CHARLOTTE, N.C. — The coronavirus pandemic has worsened the homelessness crisis across America and Charlotte is no exception.
Even before COVID-19, shelters across the city were at or near capacity. Now, in the midst of a pandemic, some programs including Room in the Inn have been forced to cease operations due to health and safety concerns.
The Salvation Army’s Center of Hope is another Charlotte shelter that houses women and families, but COVID-19 has impacted it as well, shrinking its capacity down to 50%.
Tent cities are now peppering Uptown Charlotte, and many of those tents are filled with people who never anticipated being without a home.
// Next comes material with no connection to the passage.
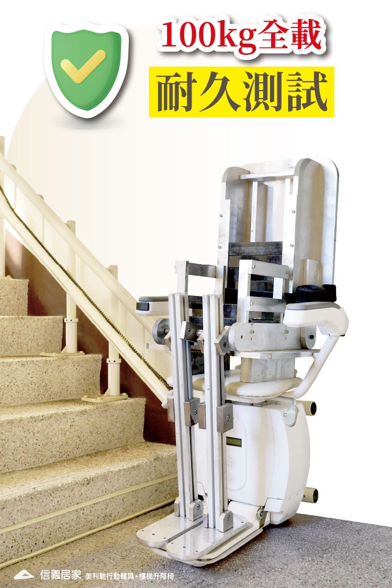 美利馳E606通過CNS15830國家標準檢測,產品符合法規,申請補助沒問題。同時也通過100kg耐久測試,此測試驗證了產品在正常保養下的長期使用安全與穩定性。
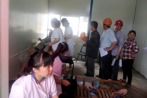 为方便民工体检,十七冶医院的医护人员携医疗设备在花山二期现场的医护室内为民工开展了血压、心电图等常规项目的检查。本次活动共分为四个环节:首先,逐一登记参加体检的民工个人信息;第二,在登记领取体检单后,进行身体检查;第三,体检结束的人员在印有“强化红线意识,促进安全生产”的安全生产月主题横幅上签名;最后,为每一位参检人员拍照,建立个人职业健康档案,同时发放健康知识宣传册及爱心雨伞。在医护人员的辛勤工作及公司、项目部人员的共同努力下,下午四时,本次爱心体检暨安全月主题签名活动顺利落下帷幕。

Attached to those tents are stigmas, including that the people inside those tents want to live that way. For many, they fell on hard times and had no one to turn to.
“You have to be in our shoes,” said Katrina Carter, who formerly lived in a tent in Uptown. “Everybody wasn’t born with a gold-handle spoon in their mouth. We didn’t ask for this. A lot of us got put in situations where we had to come out here.”
One person living in a tent told WCNC Charlotte's Lana Harris that a person once yelled at her from a car, telling her to get a job. She said she can't get a job due to her disability.
Joel Segal, the executive director of the organization Housing and Dignity for All told WCNC Charlotte one stigma that people living in tents get all the time is that they don't have jobs.
“I think that’s the prevailing view,” Segal said. “In fact, before I started running Charlotte’s winter shelter, I thought the same thing. A large percentage of them are working.”
"There's people out here that go to work," Carter said. "They get up early in the morning and this is what they have to come back to."
“So that would lead us to the question of why do we have working people living in tents,” Segal said.
Segal says the homelessness problem in Charlotte has become even more noticeable since the pandemic started in March, and it’s the worst place to be right now.
“This is a petri dish for spreading, and people will freeze to death of hypothermia,” Segal said.
And with temperatures dropping ahead of winter, Segal said it's extremely important to help those in need.
Items they need are things like sleeping bags, cushions, hand warmers, jackets, tents, winter clothes, and thermal underwear.